Everything from the line containing "Thanks Ken. Ok, let's" to the last line of the material below must be retyped exactly, both ends included; skip the pictures.

═══ Supplied information

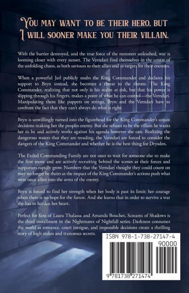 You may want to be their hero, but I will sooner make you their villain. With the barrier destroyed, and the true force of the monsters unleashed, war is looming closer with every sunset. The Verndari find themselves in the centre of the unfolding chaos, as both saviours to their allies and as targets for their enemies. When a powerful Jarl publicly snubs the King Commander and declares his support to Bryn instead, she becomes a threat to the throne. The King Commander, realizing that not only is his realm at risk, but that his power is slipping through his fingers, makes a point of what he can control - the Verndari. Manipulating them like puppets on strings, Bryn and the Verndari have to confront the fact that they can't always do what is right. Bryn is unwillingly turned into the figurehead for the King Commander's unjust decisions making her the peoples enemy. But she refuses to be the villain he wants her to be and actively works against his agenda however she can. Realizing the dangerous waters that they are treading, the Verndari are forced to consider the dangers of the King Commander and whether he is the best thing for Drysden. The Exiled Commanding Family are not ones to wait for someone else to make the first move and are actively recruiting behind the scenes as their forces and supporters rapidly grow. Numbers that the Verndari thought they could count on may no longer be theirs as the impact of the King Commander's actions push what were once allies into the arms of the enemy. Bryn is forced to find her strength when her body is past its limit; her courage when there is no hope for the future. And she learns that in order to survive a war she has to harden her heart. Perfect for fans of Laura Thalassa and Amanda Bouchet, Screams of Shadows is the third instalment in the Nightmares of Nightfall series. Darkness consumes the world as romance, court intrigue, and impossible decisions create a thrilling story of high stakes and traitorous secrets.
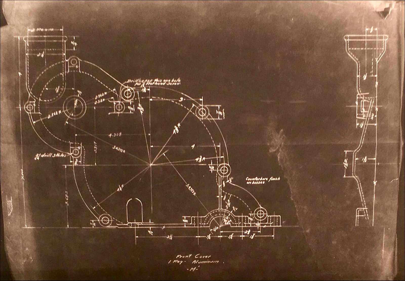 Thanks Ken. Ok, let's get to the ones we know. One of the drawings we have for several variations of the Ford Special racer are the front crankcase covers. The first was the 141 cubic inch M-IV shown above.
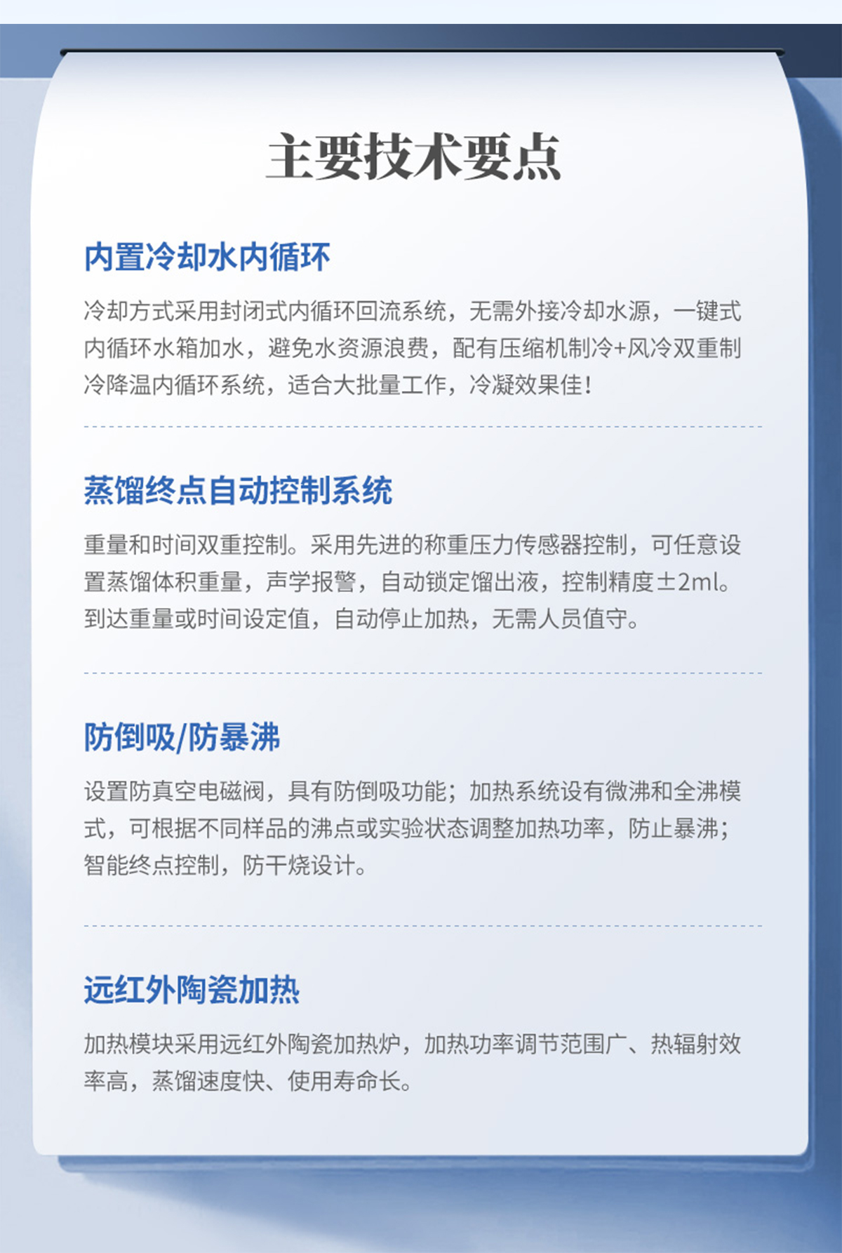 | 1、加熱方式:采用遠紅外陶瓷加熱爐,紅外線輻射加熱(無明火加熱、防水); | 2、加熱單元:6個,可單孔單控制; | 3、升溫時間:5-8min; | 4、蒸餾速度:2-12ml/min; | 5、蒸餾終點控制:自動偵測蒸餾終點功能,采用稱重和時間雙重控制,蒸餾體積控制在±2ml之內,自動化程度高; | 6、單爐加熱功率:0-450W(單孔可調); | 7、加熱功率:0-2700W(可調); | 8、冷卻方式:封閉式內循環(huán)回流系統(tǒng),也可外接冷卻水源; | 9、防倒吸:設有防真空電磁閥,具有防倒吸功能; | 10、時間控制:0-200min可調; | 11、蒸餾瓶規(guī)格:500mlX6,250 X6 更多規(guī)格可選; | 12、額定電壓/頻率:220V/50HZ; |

══════

◆ **Output for this exercise**:
 Thanks Ken. Ok, let's get to the ones we know. One of the drawings we have for several variations of the Ford Special racer are the front crankcase covers. The first was the 141 cubic inch M-IV shown above.
 | 1、加熱方式:采用遠紅外陶瓷加熱爐,紅外線輻射加熱(無明火加熱、防水); | 2、加熱單元:6個,可單孔單控制; | 3、升溫時間:5-8min; | 4、蒸餾速度:2-12ml/min; | 5、蒸餾終點控制:自動偵測蒸餾終點功能,采用稱重和時間雙重控制,蒸餾體積控制在±2ml之內,自動化程度高; | 6、單爐加熱功率:0-450W(單孔可調); | 7、加熱功率:0-2700W(可調); | 8、冷卻方式:封閉式內循環(huán)回流系統(tǒng),也可外接冷卻水源; | 9、防倒吸:設有防真空電磁閥,具有防倒吸功能; | 10、時間控制:0-200min可調; | 11、蒸餾瓶規(guī)格:500mlX6,250 X6 更多規(guī)格可選; | 12、額定電壓/頻率:220V/50HZ; |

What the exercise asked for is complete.